Boden und Flächennutzung


Flächennutzung


Datenmaterial über die Flächennutzung im Stadtgebiet wird in vielen Bereichen der Umweltplanung verwendet. Die Kenntnis dieser räumlichen Gegebenheiten stellt unter anderem eine wichtige Grundlage für die Beschreibung und Bewertung der Auswirkungen von Vorhaben im Rahmen von Umweltverträglichkeitsprüfungen (UVP) dar. Ebenso dient sie der Erstellung von städtebaulichen und landschaftlichen Programmen und Plänen sowie der Erarbeitung von siedlungsökologischen Gutachten.

Mit ihrer Hilfe lassen sich konkrete Planungsvorhaben, zu denen in der Regel detaillierte und kleinräumige Daten vorliegen, hinsichtlich möglicher Auswirkungen auf größere städtische Raumeinheiten, wie zum Beispiel Stadtquartiere und -bezirke, analysieren. Des weiteren dienen die Informationen der stadträumlichen Beurteilung von potentiellen Standorten für bestimmte Vorhaben, zum Beispiel inwieweit sich die Vorhaben in die räumliche Struktur der jeweiligen Umgebung einfügen. Auch können Hinweise zur Höhenverteilung der Bebauung beziehungsweise des Bewuchses abgeleitet werden sowie - aufgrund der vorhandenen Baukörperstruktur (wie zum Beispiel Einzelhausbebauung bis zwei Geschosse) - potentielle Nachverdichtungsgebiete festgestellt werden.

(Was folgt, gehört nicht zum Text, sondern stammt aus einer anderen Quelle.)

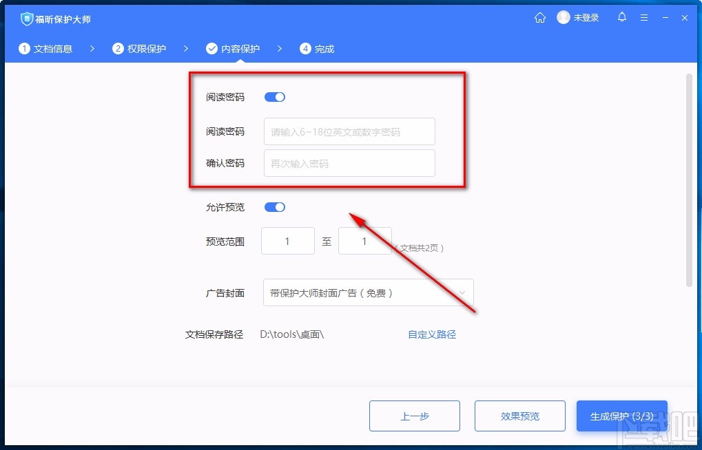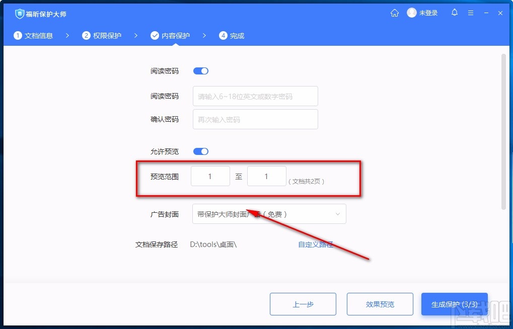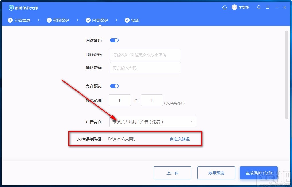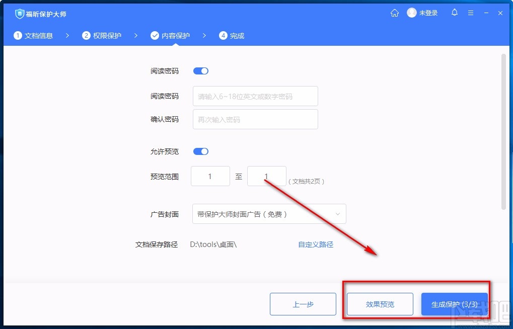 10.完成以上所有步骤后,我们在界面右下角可以点击“效果预览”按钮查看加密后的效果;再点击“生成保护”按钮,就可以成功加密PDF了。
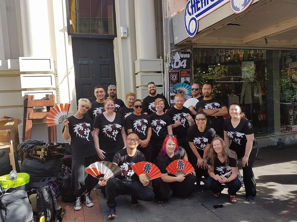 We ran out a few old favourites such as Wachi Daiko, where yet again we did battle and prevailed against the old demon, and Ujigawa where the graceful ladies of Narukami put on a wonderful rendition of the ancient Uji River to bring peace and tranquility to the hearts of the onlookers. For me personally, I was invited to take part in our performance of Arakusa for the very first time, and in the spirit of the song, it provided a moment of growth and accomplishment, this will always bring a smile to my face. Lastly for this segment we stepped up for Gaina. The wind in Wellington is something we’ve grown to love, and it played its part in this performance too as it saw fit to carry numerous spare bachi away from their players as they were hammering out the beats. We preferred to see this as the Gods of Thunder and Lightning showing themselves for the song and providing even more entertainment, mainly for the other players who were sat behind the performance watching and laughing !
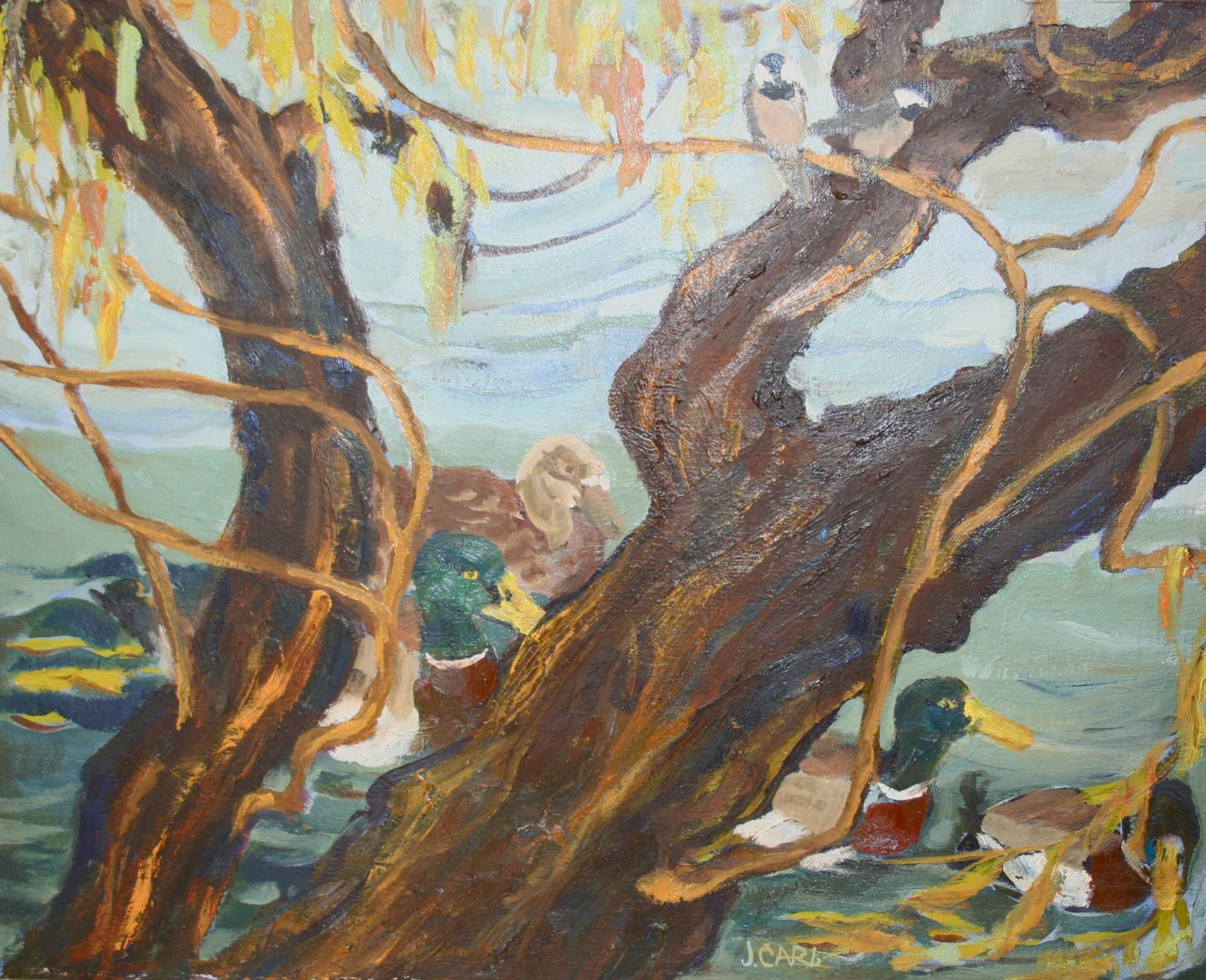 Educated at the Art Center in San Francisco and William Patterson College in New Jersey. She used to paint watercolors “en plein air” and then worked out of her studio at 3 Chestnut Street with her husband, fiber artisan Jerry Carl. She met Jerry in art school and married in 1948. Jeannette also sculpted clay and wove baskets and shorebirds out of rattan reed. One of the few AAN painters who regularly used the alkyd medium.

Aktuelle Situation der Flächennutzung

Die bebauten Flächen bedecken den größten Teil des Stadtgebiets, wobei sich die unmittelbare Infrastruktur (zum Beispiel Erziehung, Kirche, Soziales) harmonisch in die Wohnbauflächen einfügt. Größere Infrastrukturflächen für weiterführende Schulen und Krankenhäuser konzentrieren sich auf die Neubaugebiete der 60er und 70er Jahre im Süden und Osten. Der Stadtkern wird fast vollständig von Handel, Dienstleistung beziehungsweise Verwaltung und öffentlichen Einrichtungen beherrscht, zum Beispiel im Universitätsviertel. Die industrielle Stadtentwicklung lässt sich teilweise aus den überwiegend an Gleisanlagen befindlichen Gewerbe- und Industrieflächen ablesen.